For decades, banks held merchant relationships without truly understanding them. Kabeer Jain, Co-founder and CTO of Mintoak, believes that gap wasn’t a data problem — it was an engagement problem. His company sits quietly beneath the surface of banking infrastructure, transforming dormant transaction data into live business intelligence and converting one-time payment touchpoints into continuous merchant relationships. As UPI commoditizes payments across India, Jain sees a widening opportunity upstream. In this conversation, he explains why the real battle for SME financial services is just beginning — and why banks, not fintechs, will win it.

Co-founder and CTO
Mintoak
CISO Forum: Banks have always had merchant relationships. What was fundamentally broken in that model that Mintoak was built to fix?
Kabeer Jain: Banks have always had the merchant relationship through trust and distribution. What was missing was a technology-led engagement layer. The model was largely transactional, with limited ongoing interaction. There was no unified platform for continuously engaging SMEs or for understanding their businesses in real time. Mintoak solves this by powering a white-labelled merchant platform for banks that converts a static relationship into a continuous, deeper, and data-led engagement model.
CISO Forum: You describe Mintoak as an infrastructure layer. What does that actually mean for a bank that plugs you in? What changes on day one versus month six?
Kabeer Jain: Mintoak is a modular, cloud-native platform that integrates with a bank’s existing systems and evolves as needed. On day one, banks get a fully functional merchant platform with payments, dashboards, and reconciliation across mobile and web.

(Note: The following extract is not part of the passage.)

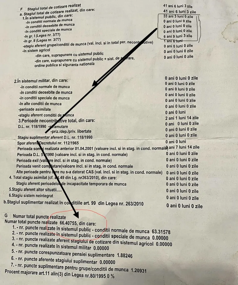 Pensionarul are 66,40755 puncte pe talonul de pensie + punctele de stabilitate 10,25 = 76,65755

By month six, the platform expands with additional services, stronger data pipelines, and deeper use cases. Banks move from enabling payments to driving merchant lifecycle management. We also provide the tools and infrastructure for campaigns and portfolio engagement at scale.

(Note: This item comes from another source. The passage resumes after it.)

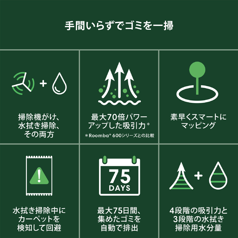 パワーアップした吸引力と、賢くなったナビゲーションで部屋の隅々までしっかり掃除機がけ、水拭きを行います。更にゴミを取り込んで最大75日間収納します。

CISO Forum: Transaction data is powerful, but banks have had it for years without acting on it. How does Mintoak turn that dormant data into actual credit and cross-sell decisions?
Kabeer Jain: The gap has been in usability, not availability. We structure and standardize transaction data and make it available at the merchant level in near real time. This turns payment data into a live indicator of business performance. It strengthens existing credit and cross-sell engines by adding high-frequency signals, making decisions more contextual and timely.
CISO Forum: UPI democratised payments, but has it also commoditized them? Where does Mintoak’s value begin, where UPI’s ends?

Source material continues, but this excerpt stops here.